| From: Luiz Capitulino <luizcap@redhat.com> |
| Subject: mm: hugetlb: avoid fallback for specific node allocation of 1G pages |
| Date: Mon, 10 Feb 2025 22:48:56 -0500 |
| |
| When using the HugeTLB kernel command-line to allocate 1G pages from a |
| specific node, such as: |
| |
| default_hugepagesz=1G hugepages=1:1 |
| |
| If node 1 happens to not have enough memory for the requested number of 1G |
| pages, the allocation falls back to other nodes. A quick way to reproduce |
| this is by creating a KVM guest with a memory-less node and trying to |
| allocate 1 1G page from it. Instead of failing, the allocation will |
| fallback to other nodes. |
| |
| This defeats the purpose of node specific allocation. Also, specific node |
| allocation for 2M pages don't have this behavior: the allocation will just |
| fail for the pages it can't satisfy. |
| |
| This issue happens because HugeTLB calls memblock_alloc_try_nid_raw() for |
| 1G boot-time allocation as this function falls back to other nodes if the |
| allocation can't be satisfied.

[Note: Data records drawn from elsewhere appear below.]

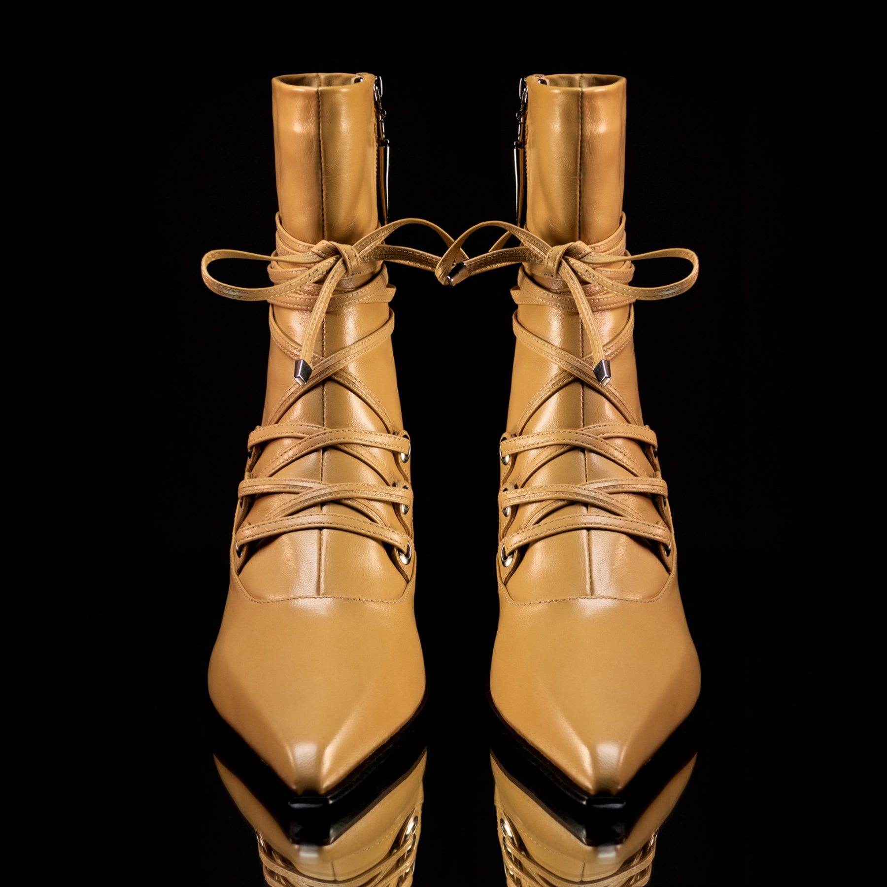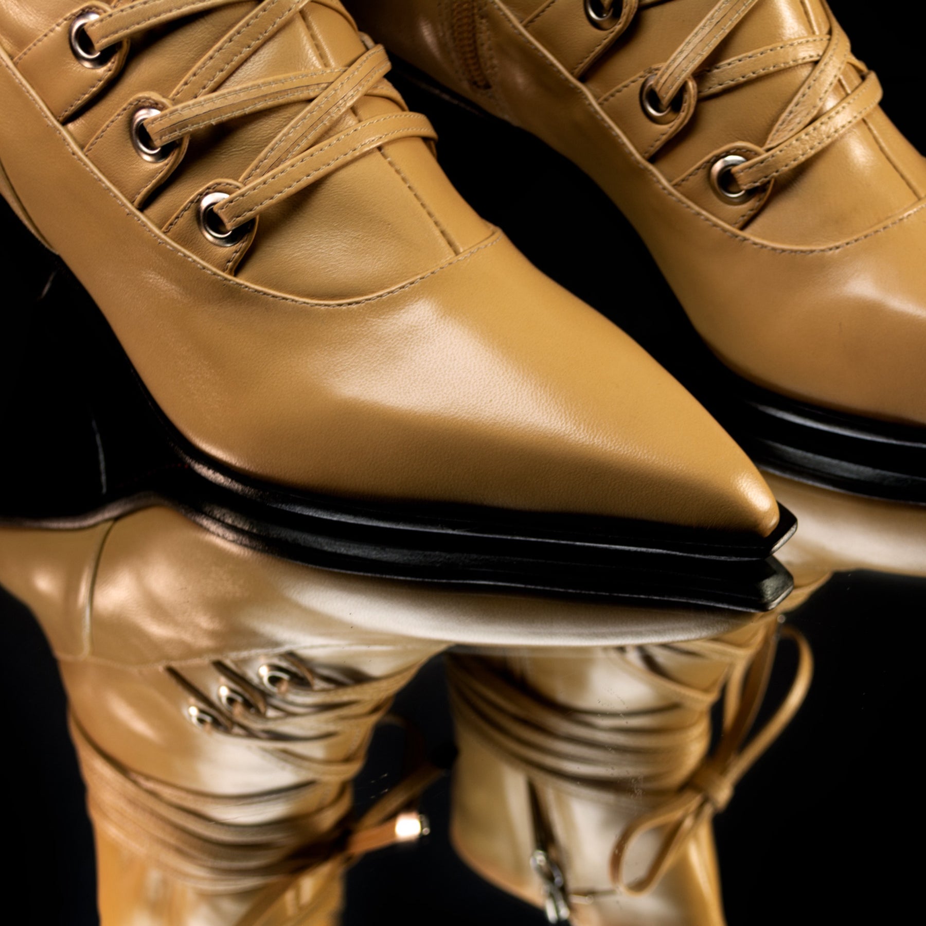 O cano em pelica stress molda suavemente a silhueta, enquanto o cordão longo em pelica envolve o tornozelo em um gesto de estilo e personalidade.
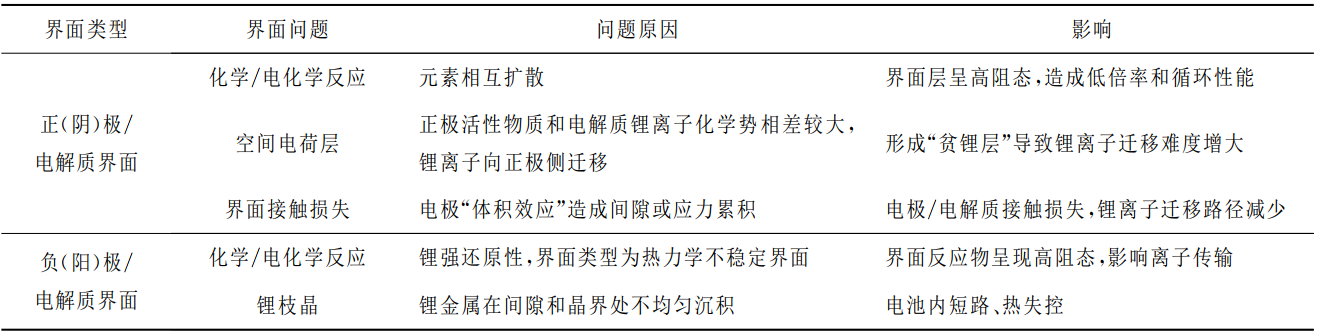 硫化物固態電解質相對較高的室溫離子電導率使得其成為固態電池重要的備選材料。進一步提高硫化物固態電解質穩定性是發揮其在離子電導率方面優勢的關鍵。硫化物固態電池內部存在的界面問題制約著其應用。常見的界面問題如表2所示,界面問題的存在使得硫化物全固態電池極化嚴重、容量低、循環能力差等問題更加突出。
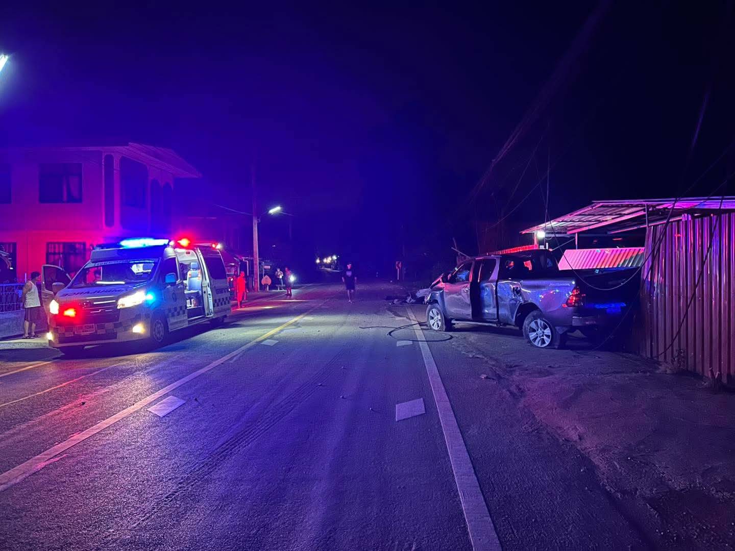 โดยในที่เกิดเหตุพบรถกระบะสีดำโตโยต้า สีดำ ทะเบียน จ.แพร่ สภาพด้านหน้ารถพังเสียหาย จอดแน่นิ่งอยู่ข้างทาง โดยพบสายไฟห้อยระโยงรยางค์ และมีเสาไฟฟ้าหักโค่น 1 ต้น รวมทั้งรั้วบ้านเรือนของประชาชน พังเสียหายทั้งแถบ เบื้องต้นพบคนขับรถเป็นชาย อายุประมาณ 20 ปี ได้รับบาดเจ็บ ทางเจ้าหน้าที่กู้ชีพได้ทำการปฐมพยาบาล และนำส่งรักษาต่อที่โรงพยาบาลเกาะคา
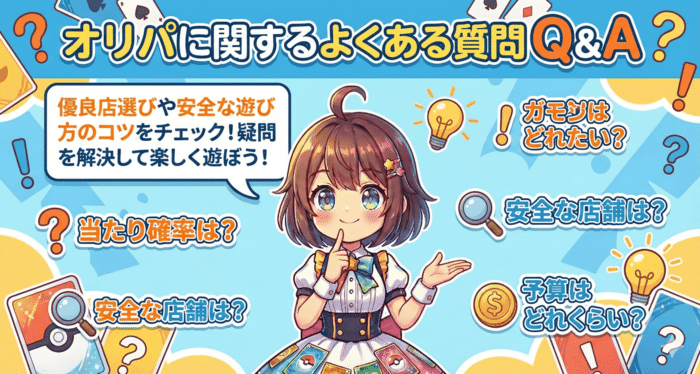 オリパについてよくある疑問をまとめておきます。オリパ優良店選びや安全な遊び方のイメージをより具体的にするための補足として読んでみてください。
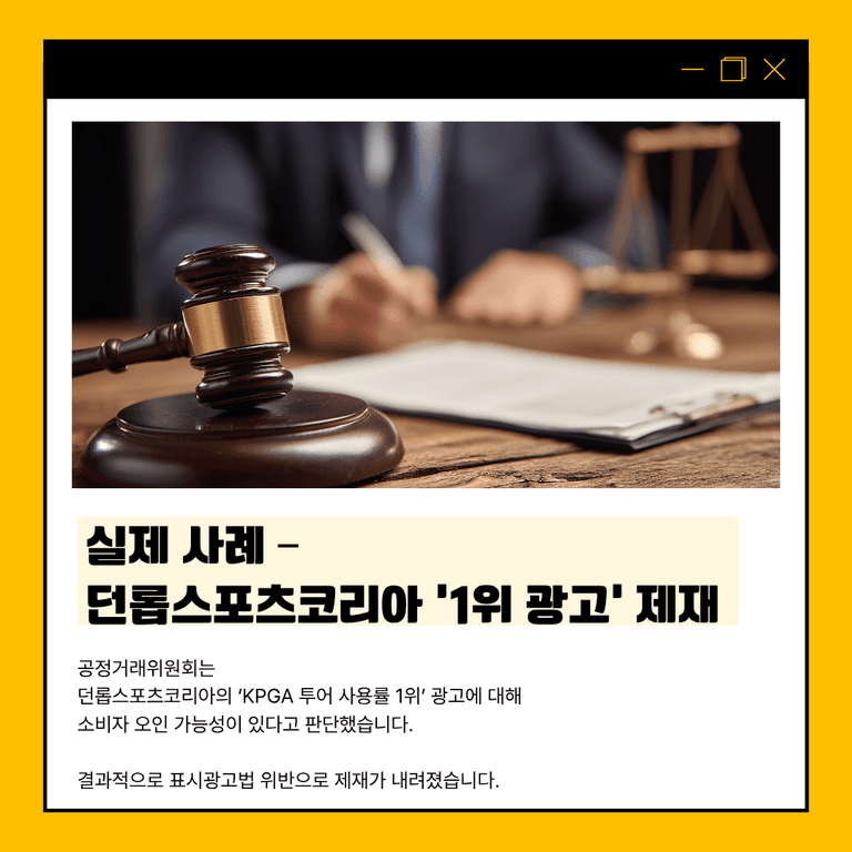 최근 공정거래위원회는 던롭스포츠코리아의 이른바 ‘1위 광고’에 대하여 표시광고법 위반으로 판단하고 제재를 부과하였습니다. 이 사건은 ‘1위’와 같은 배타적 표현이 어떠한 경우 위법 판단의 대상이 되는지를 보여주는 사례로 정리됩니다.
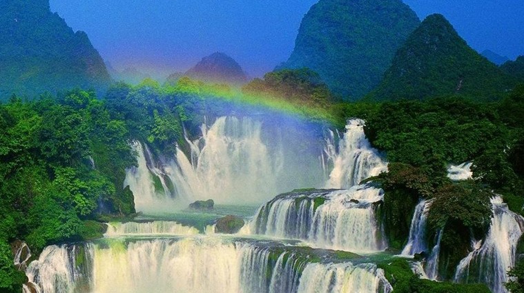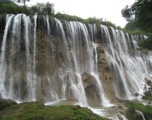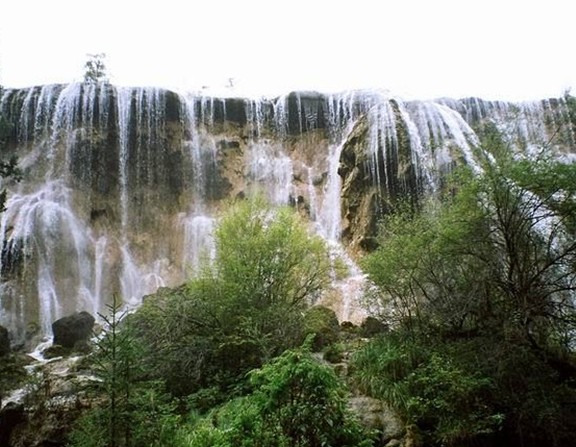 凌空而瀉的瀑布,象銀河倒懸,墜至半空,忽被峭石攔腰斬斷,剎時雪浪飛濺,宛如千萬串斷線的珍珠,紛紛揚揚,沿懸立千紉的絕壁陡然下墜,落進不見底的深淵,發出驚天動地的狂嘯。而河水卻象兇猛的野獸在咆哮,發出震耳欲聾的吼聲,仿佛整個峽谷在顫動。每到日落西山,“老虎嘴”彩虹繚繞,雪峰頂上緋紅一片,迷離變幻,奇勝不可名狀。
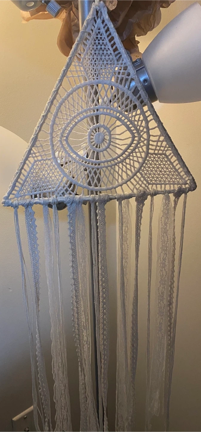 This unique wall hanging features a white lace triangle design with an eye motif. It's adorned with various lace ribbons and strings that hang down. It's a delicate piece for adding a boho touch to your decor!

Use memblock_alloc_exact_nid_raw() |
| instead, which ensures that the allocation will only be satisfied from the |
| specified node. |
| |
| Link: https://lkml.kernel.org/r/20250211034856.629371-1-luizcap@redhat.com |
| Fixes: b5389086ad7b ("hugetlbfs: extend the definition of hugepages parameter to support node allocation") |
| Signed-off-by: Luiz Capitulino <luizcap@redhat.com> |
| Acked-by: Oscar Salvador <osalvador@suse.de> |
| Acked-by: David Hildenbrand <david@redhat.com> |
| Cc: "Mike Rapoport (IBM)" <rppt@kernel.org> |
| Cc: Muchun Song <muchun.song@linux.dev> |
| Cc: Zhenguo Yao <yaozhenguo1@gmail.com> |
| Cc: Frank van der Linden <fvdl@google.com> |
| Signed-off-by: Andrew Morton <akpm@linux-foundation.org> |
| --- |
| |
| mm/hugetlb.c | 2 +- |
| 1 file changed, 1 insertion(+), 1 deletion(-) |
| |
| --- a/mm/hugetlb.c~mm-hugetlb-avoid-fallback-for-specific-node-allocation-of-1g-pages |
| +++ a/mm/hugetlb.c |
| @@ -3145,7 +3145,7 @@ int __alloc_bootmem_huge_page(struct hst |
| |
| /* do node specific alloc */ |
| if (nid != NUMA_NO_NODE) { |
| - m = memblock_alloc_try_nid_raw(huge_page_size(h), huge_page_size(h), |
| + m = memblock_alloc_exact_nid_raw(huge_page_size(h), huge_page_size(h), |
| 0, MEMBLOCK_ALLOC_ACCESSIBLE, nid); |
| if (!m) |
| return 0; |
| _ |